Looks good Moore... alot better than the 1rst time I ran a box. The butts are where you need to master the brake. Practice makes perfect.:thumbsup: Keep postin pics


----------



## SlimPickins (Aug 10, 2010)

Geez moore....now I have to sit over here in the hand-taping corner all by myself? :laughing:

Nice work mister....go make some money! 

I keep saying I'm going to buy a set, but then I see *insert carpentry awesomeness here* and I buy that instead. Yeah, I know, it's stupid, but I made this... (Not trying to hijack)


----------



## Checkers (Jun 25, 2010)

Looks great Moore! Glad to see you're joining the dark side! 
I have constructive criticism, it looks like you might want to run the box a little tighter because it seems to be leaving a lot of mud. 

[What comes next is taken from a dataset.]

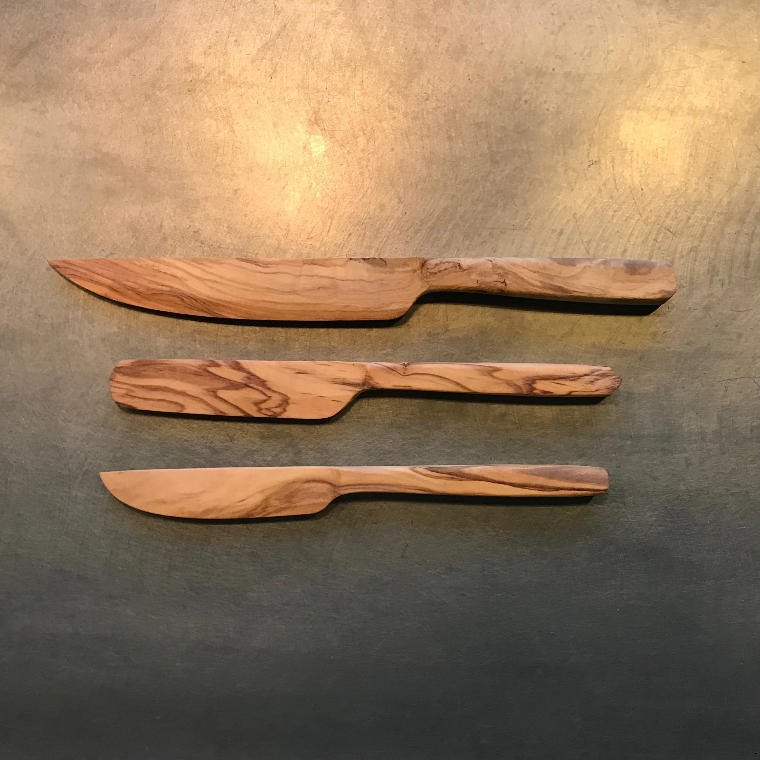 Couteau en bois d’olivier d’une vingtaine de cm fabriqué artisanalement.

FYI, if the box is dropping any mud at all, it's too damn thin.


----------



## cazna (Mar 28, 2010)

Good to hear and and nice to see moore, Now your starting to understand why we love the tools, I still get a buzz running ceilings off the floor, I always think how f ing stupied i was hopping up and down ladders and planks and swinging a trowel, You dont need a zooka yet, Get a homax banjo and speed up taping as well. You could stay with hotmud or try some airdry.

The first time i ran a box it was to thick, So i thinned it, Went to do a ceiling seam, Pushed the box up, and got a wet cold sloppy hat, Didnt taste to good either.


----------



## Kiwiman (Jun 14, 2008)

cazna said:


> Pushed the box up, and got a wet cold sloppy hat, Didnt taste to good either.


----------



## gazman (Apr 29, 2011)

That great Moore. I reckon the reason you found it easy is that you are a trowel master. Using a box is easy if you can drive a trowel.:thumbup: Mastering the brake is just a mater of timing and practice.
Well done and welcome to the dark side.:yes:


----------



## moore (Dec 2, 2010)

SlimPickins said:


> Geez moore....now I have to sit over here in the hand-taping corner all by myself? :laughing:
> 
> Nice work mister....go make some money!
> 
> I keep saying I'm going to buy a set, but then I see *insert carpentry awesomeness here* and I buy that instead. Yeah, I know, it's stupid, but I made this... (Not trying to hijack)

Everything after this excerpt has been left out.